I was almost giddy with the idea that no one owned the words or definitions in the world. I didn’t have to be beholding to the National Organization for Women, or quote Helen Reddy songs to be a feminist. I could define words for myself. I could define myself. I left that classroom energized with the possibility of being proud of being a woman, of being proud of myself.

I had been freed from the false dichotomy of “feminist-vs-feminine” and realized that I could be both. I set out to try to be both, and, along the way, I discovered that there were role models everywhere—women defining, for themselves, what it is to be a woman. My mother and my older sisters, for example, had always been there for me to draw strength from. They are Western women, strong in their convictions, their opinions, and their faith; but loving and kind to their families and their friends, loyal to their country, and unafraid to cry in public.

They are women that know you can’t go through life alone, that life is made up of compromise and failure, give and take, laughter and tears. They are women who rely upon their husbands to be there. They are women whose husbands rely upon them. They are women whose business colleagues call when they need advice, or who pick up the phone to ask advice of others. Their manicured hands are scarred by cooking a thousand meals, and softened by the touch of a baby’s toes. They have a closet full of fat clothes from their pregnancy, regular clothes they can finally wear, and clothes they vow they will someday wear again.

And they aren’t alone. They are also the women who choose to stay home. Women who bake bread in the morning, kiss their husbands goodbye, drive their children to school, and go home to clean their houses, make dinners and wash clothes. If they had a moment in their busy schedule, they would sit down and tell you why they no longer practice law or see patients any more and how they love their lives, their husbands, and G-d. They are feminists, in their own way, and they define themselves.

I was tired of the images that the media and the politicians tried to feed about what a woman should be, but too busy to look for an icon. I watched a battery of pantsuit-clad, sensible-shoe wearing women clomp across the stage—newscasters and politicians, pundits and talk-show hosts.

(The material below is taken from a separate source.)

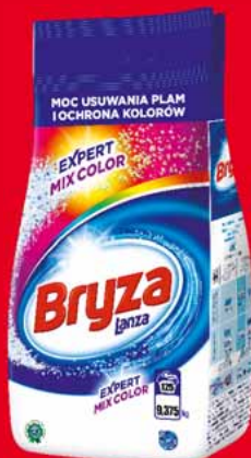
BRYZA PROSZEK 125 PRAŃ 9,375 KG • dwa rodzaje 20919395

They all wore the stamp of acceptable, carefully controlled women’s images manufactured by the media. They represented what I was supposed to be, but not what I am or ever wanted to be.

When Sarah Palin crossed the national stage, however; I saw something new.

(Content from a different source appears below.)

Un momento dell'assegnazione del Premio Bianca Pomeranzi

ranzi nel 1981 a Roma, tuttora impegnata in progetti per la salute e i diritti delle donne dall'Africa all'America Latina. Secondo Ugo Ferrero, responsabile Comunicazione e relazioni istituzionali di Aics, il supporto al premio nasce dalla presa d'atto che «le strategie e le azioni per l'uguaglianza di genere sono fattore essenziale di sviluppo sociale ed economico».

Suddenly, on national news, I saw myself. I connected. I saw her walk across the stage and knew that this was a feminist like me, a feminist who defined herself. She is a feminine feminist. There she stands in her dress and her stylish glasses and her beautiful shoes, and I say to myself, “Where have you been?”

She has a manicure and kids, a career and the love of a good man. She has faced challenges in her family and met them. She has a disabled child and a loveable but uncontrollable teenager. She has enemies accusing her of being a bad mother because she is working; and a bad worker because she is a mother. I have been there too, and I know how she feels. She is real, and she is everything I am and ever wanted to be and more.

The media seems perplexed by Sarah Palin’s sudden stardom, but I have no doubts about why she is so popular. Finally, the women of America have a REAL feminist to look to. We are not told we have to be militant women with bad haircuts who want to be men. We are not told we have to wear pants and prove that we are smart. We are your mothers and your sisters and your professors and your doctors. We love our kids to a fault. We wear perfume. We make mistakes. We need men, we love men, and we know that men and women are different. We are happy for that difference, proud of it, in fact.

So, Sarah Palin, don’t worry about what they say about you. They aren’t saying anything they didn’t say about us too. We’ve got your back. Now, go out there and make us proud, keep them guessing, and never let them define you.

Dr. Yael Kassorla is an instructor of English at Georgia Gwinnett College in Lawrenceville, Georgia.